== Segment start ==

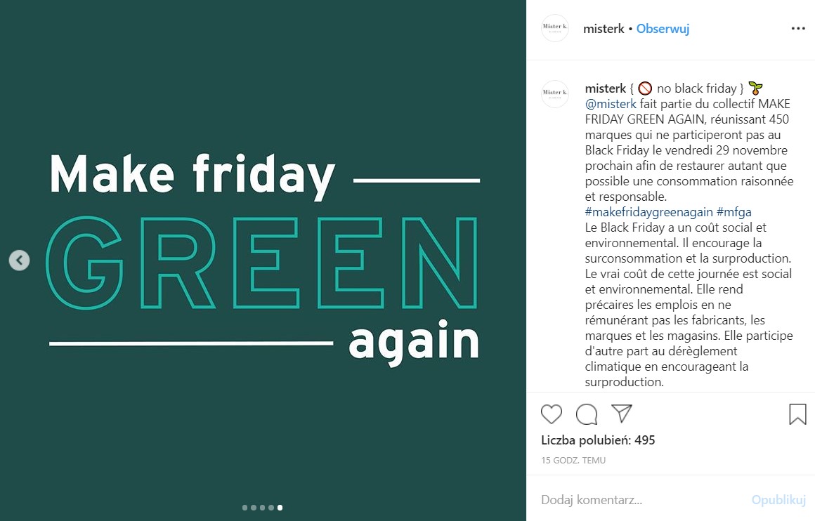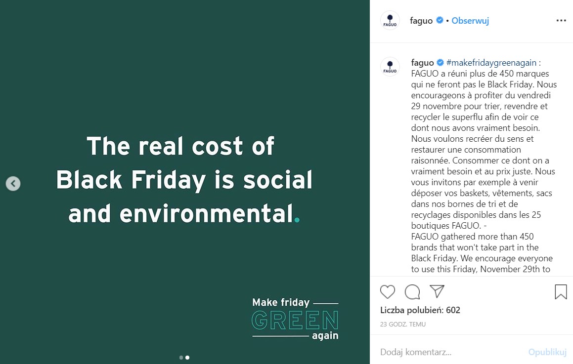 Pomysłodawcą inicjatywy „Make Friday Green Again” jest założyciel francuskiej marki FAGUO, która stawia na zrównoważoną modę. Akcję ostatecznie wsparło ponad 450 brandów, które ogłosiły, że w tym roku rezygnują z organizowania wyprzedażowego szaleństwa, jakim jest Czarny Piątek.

== Segment end ==
== Segment start ==

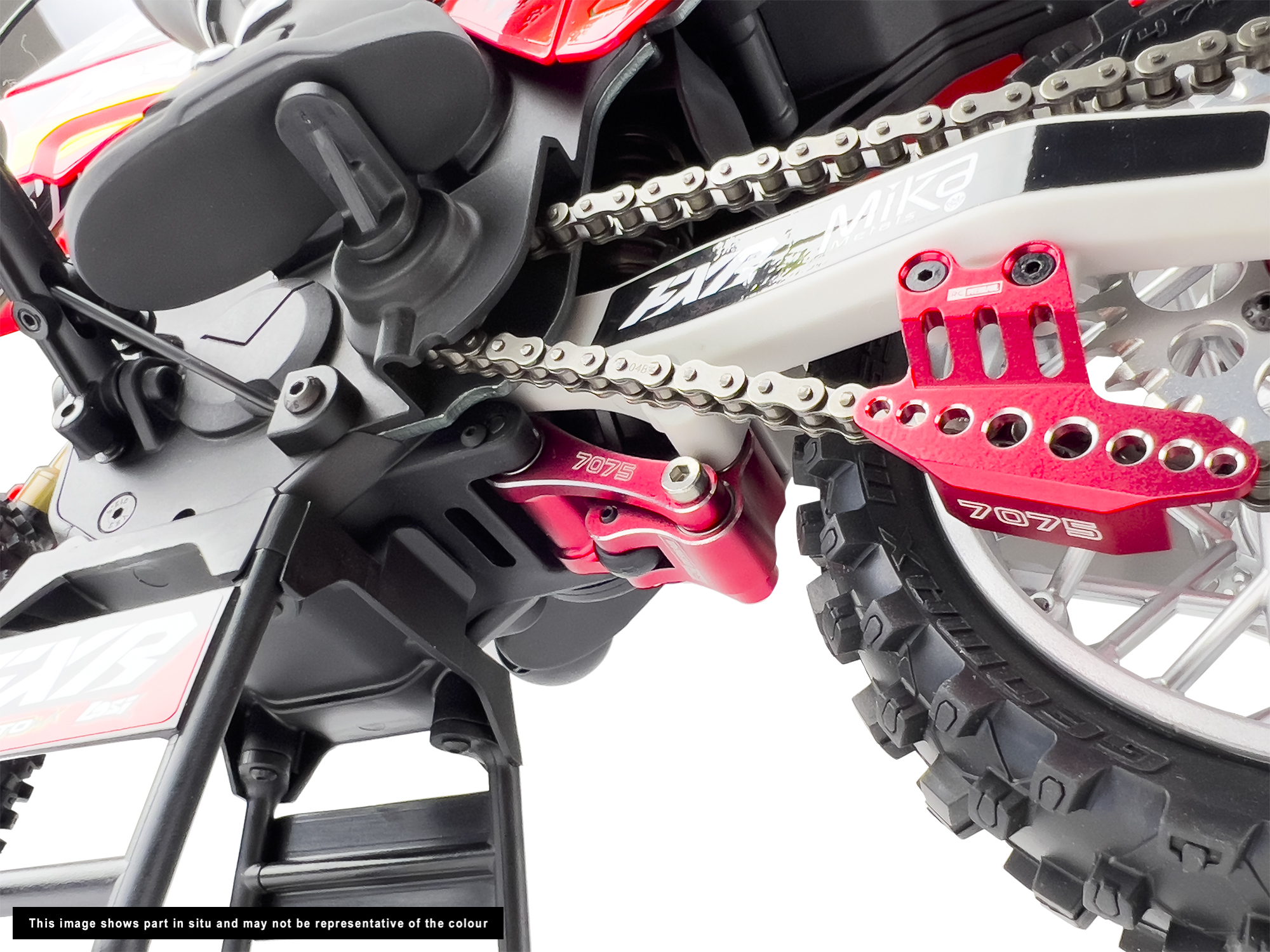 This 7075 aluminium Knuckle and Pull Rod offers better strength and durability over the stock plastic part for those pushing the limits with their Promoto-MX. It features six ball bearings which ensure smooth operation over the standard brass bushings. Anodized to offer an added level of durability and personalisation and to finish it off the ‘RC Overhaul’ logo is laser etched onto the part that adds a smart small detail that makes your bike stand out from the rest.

== Segment end ==
== Segment start ==

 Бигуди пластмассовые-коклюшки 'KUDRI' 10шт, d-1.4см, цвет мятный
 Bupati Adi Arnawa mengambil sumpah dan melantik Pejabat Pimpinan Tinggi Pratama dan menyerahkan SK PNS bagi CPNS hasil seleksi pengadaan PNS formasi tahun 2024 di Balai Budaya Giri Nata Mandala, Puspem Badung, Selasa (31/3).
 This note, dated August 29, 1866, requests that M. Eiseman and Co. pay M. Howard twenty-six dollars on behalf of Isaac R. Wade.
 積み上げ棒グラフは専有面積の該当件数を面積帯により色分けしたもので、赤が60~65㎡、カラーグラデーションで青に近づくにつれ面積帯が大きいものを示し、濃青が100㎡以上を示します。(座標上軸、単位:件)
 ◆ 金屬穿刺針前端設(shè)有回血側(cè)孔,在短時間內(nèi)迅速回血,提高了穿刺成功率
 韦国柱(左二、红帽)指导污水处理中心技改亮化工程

== Segment end ==

→ **AIM OF THE EXERCISE**
With the first line being the one containing "Bupati Adi Arnawa" and the last line the one containing "積み上げ棒グラフは専有面積の", transcribe exactly the lines above that fall in that range.

→ **RESPONSE**
 Bupati Adi Arnawa mengambil sumpah dan melantik Pejabat Pimpinan Tinggi Pratama dan menyerahkan SK PNS bagi CPNS hasil seleksi pengadaan PNS formasi tahun 2024 di Balai Budaya Giri Nata Mandala, Puspem Badung, Selasa (31/3).
 This note, dated August 29, 1866, requests that M. Eiseman and Co. pay M. Howard twenty-six dollars on behalf of Isaac R. Wade.
 積み上げ棒グラフは専有面積の該当件数を面積帯により色分けしたもので、赤が60~65㎡、カラーグラデーションで青に近づくにつれ面積帯が大きいものを示し、濃青が100㎡以上を示します。(座標上軸、単位:件)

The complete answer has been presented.